Chair for Compiler Construction, TU Dresden
As Chair for Compiler Construction at TU Dresden, Jeronimo Castrillon works at the intersection of programming languages, compilers, and computer architecture. His group develops tools and abstractions that make complex, heterogeneous hardware accessible to developers—bridging the gap between high-level software design and efficient hardware execution.
Compilers for In-Memory Computing Systems
Fueled by exciting advances in materials and devices, in-memory computing architectures now represent a promising avenue to advance computing systems. Plenty of manual designs have already demonstrated orders of magnitude improvement in compute efficiency compared to classical Von Neumann architectures across different application domains. In this talk we discuss automation flows for programming and exploring the parameter space of in-memory architectures. We report on current efforts on building an extensible framework around the MLIR compiler infrastructure to abstract from individual technologies to foster re-use. Concretely, we present optimising flows for in-memory accelerators based on cross-bars, on content addressable memories and bulk-wise logic operations. We believe this kind of automation to be key to more quickly navigate the heterogeneous landscape of in-memory accelerators and to bring the benefits of emerging architectures to a boarder range of applications.
Freelance Software Developer & Mojo Champion
Maxim Zaks is a freelance software developer and Mojo Champion contributing to the Mojo standard library and core ecosystem. He authors language enhancement proposals, explores compiler and performance optimizations, and actively supports the Mojo developer community. Maxim regularly speaks at technical meetups and conferences, sharing insights on language design, systems programming, and high-performance computing with Mojo.
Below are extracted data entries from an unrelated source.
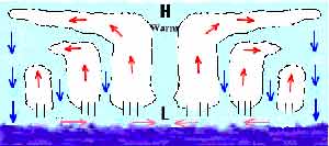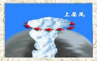 臺(tái)風(fēng)流場的垂直分布,大致分為三層:(1)從地面到3公里(主要是從500-1000米的摩擦層)為低層氣流流入層,氣流有顯著向中心輻合的經(jīng)向分量。由于地轉(zhuǎn)偏向力的作用,內(nèi)流氣流呈氣旋式旋轉(zhuǎn),并在向內(nèi)流入過程中,愈接近臺(tái)風(fēng)中心,旋轉(zhuǎn)半徑愈短,等壓線曲率愈大,離心力也相應(yīng)增大。在地轉(zhuǎn)偏向力和離心力的作用下,內(nèi)流氣流并不能到達(dá)臺(tái)風(fēng)中心,在臺(tái)風(fēng)眼壁附近環(huán)繞臺(tái)風(fēng)眼壁作強(qiáng)烈地螺旋上升。這一層對(duì)臺(tái)風(fēng)的發(fā)生、發(fā)展、消亡有舉足輕重的影響;(2)3-8公里左右是中層過渡層,氣流的經(jīng)向分量已經(jīng)很小,主要沿切線方向環(huán)繞臺(tái)風(fēng)眼壁螺旋上升,上升速度在700-300毫巴之間達(dá)到最大;(3)從8公里左右到對(duì)流層頂(約12一16公里)為高層氣流流出層,這層上升氣流帶有很大的切向風(fēng)速,同時(shí)氣流在上升過程中釋放出大量潛熱,造成臺(tái)風(fēng)中部氣溫高于周圍,以及臺(tái)風(fēng)中的水平氣壓梯度力隨著高度升高而逐漸減小的狀況,當(dāng)上升氣流達(dá)到一定高度(約10-12公里)時(shí),水平氣壓梯度力小于離心力和水平地轉(zhuǎn)偏向力的合力時(shí),就出現(xiàn)向四周外流的氣流?諝馔饬鞯牧颗c流入層的流入量大體相當(dāng)。
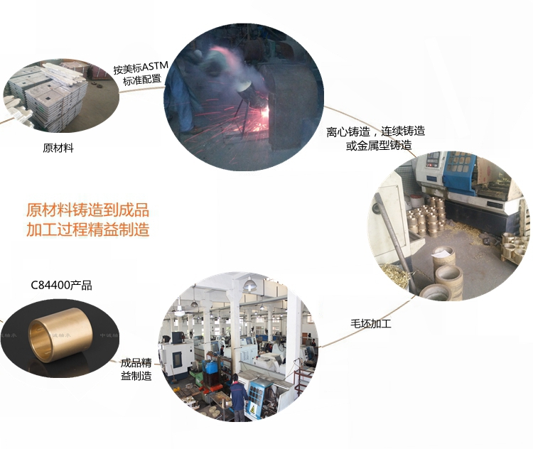 本產(chǎn)品實(shí)行ASTM標(biāo)準(zhǔn)………………………………………………… 根據(jù)客戶產(chǎn)品需求我們提供的鑄造方式有:離心鑄造,連續(xù)鑄造和金屬型鑄造?!?牌號(hào)C84400合金銅化學(xué)成分:Cu78-82 Sn2.3-3.5 Pb6-8 Zn7-10 Fe0.4 Al0.005 Si0.005 Ni1 Sb0.25 P1.5 S0.08
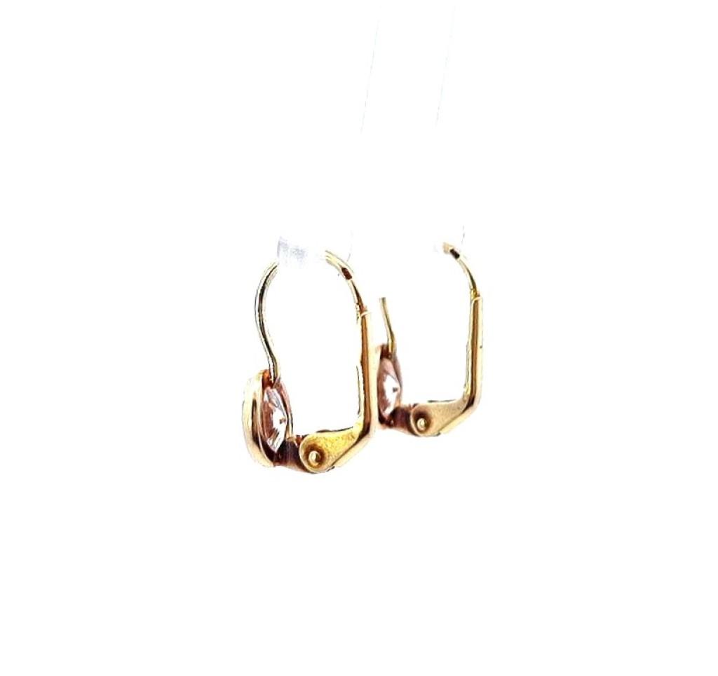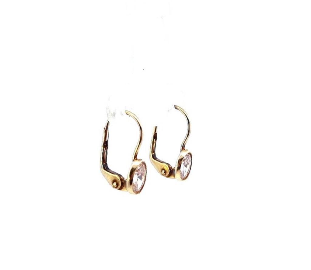 Zlaté náušnice o ryzosti 585/1000, punc labuť. Váha 1,34 g, výška 15 mm, v nejširším bodě 5 mm.
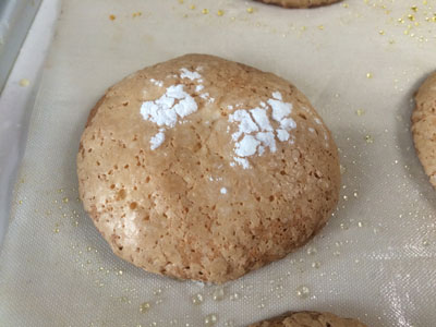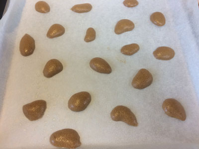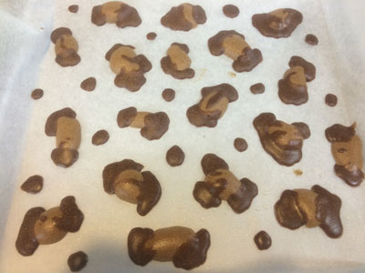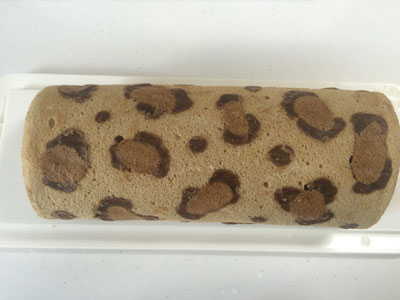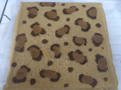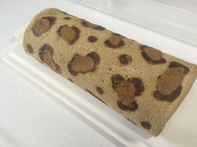 ヒョウ柄ロールケーキ 本日はヒョウ柄に挑戦です。 ヒョウ柄は下絵が必要ないです。 適当に1色目を置きます、1分焼いてから2色目1分。 実はベースも1色目2色目もどれもコーヒーで着色しているので、色の違いがあまり出なくて、慌てて2色目を濃くしました。なので?ちょっと2色目がゆるい生地になっちゃった。 焼きあがりました。 思ったよりはいい感じですが、ちょっと反省点が。 一つは柄が大き過ぎ。そして、模様生地がゆるかったので焼きあがったらちょっとかたい感じ。 もう1回挑戦だな。 小さい型を使ったのでやっぱりL玉だと生地が厚め。ゆっくり巻いたので割れなかったけど、『の』の字にはならない・・・ 2015年 21本目

Solving the Multi-Platform Problem with Mojo
AI workloads push programming languages to their limits: developers need low-level control for performance, high-level ergonomics for productivity, and seamless portability across heterogeneous platforms. Mojo is a new systems programming language designed to address these challenges by combining Python interoperability with modern compilation techniques. In this talk, we’ll dive into how Mojo enables multi-platform targeting through conditional compilation, and how MLIR ops can be embedded directly into libraries to unlock performance-critical paths. I’ll illustrate these ideas with concrete examples from the Mojo standard library and the MAX open-source codebase, showing how Mojo helps unify the fragmented AI software stack.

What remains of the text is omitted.